Endoscopic retrograde cholangiopancreatography after laparoscopic cholecystectomy.

L W Traverso1, R A Kozarek, T J Ball, J J Brandabur, J A Hunter, P C Jolly, D J Patterson, J A Ryan, R C Thirlby, D G Wechter.   

Abstract

We assessed the use of endoscopic retrograde cholangiopancreatography (ERCP) after laparoscopic cholecystectomy (LC) at our hepatobiliary referral center. This assessment included patients from outside institutions with post-LC problems. Between May 1990 and September 1992, we performed 522 LCs and 1,723 ERCP examinations. There were 78 patients who underwent 143 ERCP examinations after LC, 65% of whom were referred. ERCP findings were categorized as follows: normal results (8%), problems inherent to stone disease (65%), and iatrogenic injury (27%). The types of inherent problems were common bile duct (CBD) stones, pancreatitis, and papillary stenosis/microlithiasis. Within the CBD stone group, 5 of 26 patients also had papillary stenosis, and, within the pancreatitis group, 9 of 11 patients also had papillary stenosis, making papillary stenosis the most frequent observation (55%). Almost all of these patients (96%) required endoscopic papillotomy for successful treatment. The iatrogenic injury group was comprised of 21 patients, 16% of whom had cystic duct leak and 84% of whom had CBD injury. These patients required a variety of endoscopic procedures including endoscopic papillotomy (67%), CBD endoscopic stenting (76%), percutaneous drainage of biloma (29%), and percutaneous transhepatic biliary drainage (24%).

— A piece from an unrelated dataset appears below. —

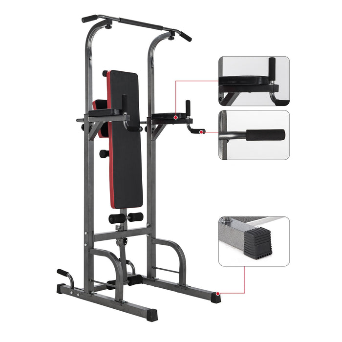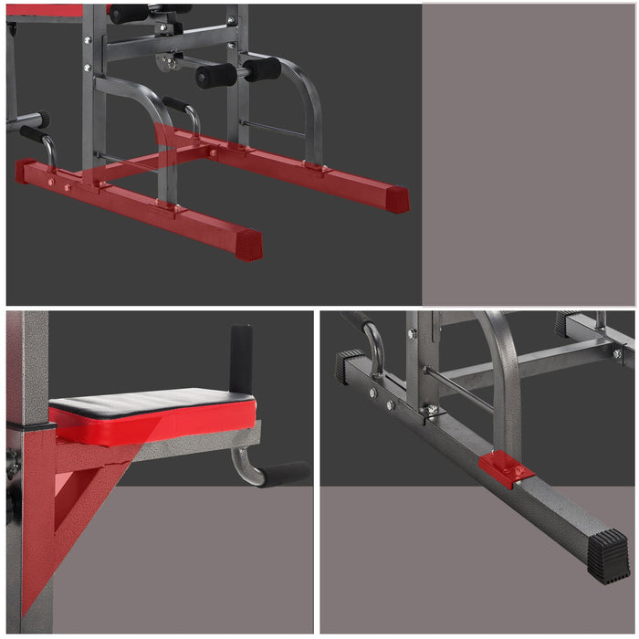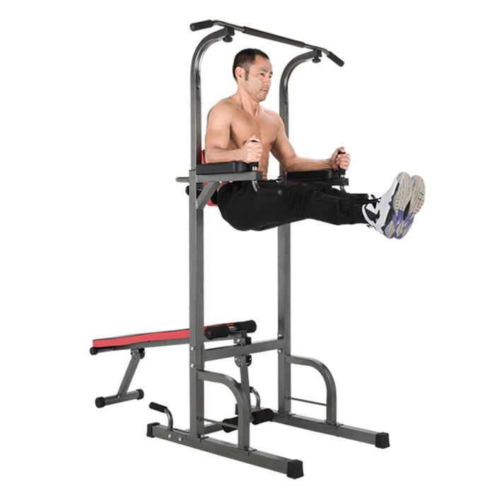 Indoor Home Pull Up Bar Stand Dip Station w/ Sit Up Bench

Open surgical procedures after endoscopic assessment or treatment were required in only three patients in the iatrogenic group and in none in the inherent group. At this time, long-term follow-up is not possible with regard to biliary stricture. We conclude that the majority of problems after LC are either due to papillary stenosis/microlithiasis with or without CBD stones or to biliary injury. Both can be successfully diagnosed and treated with endoscopic techniques.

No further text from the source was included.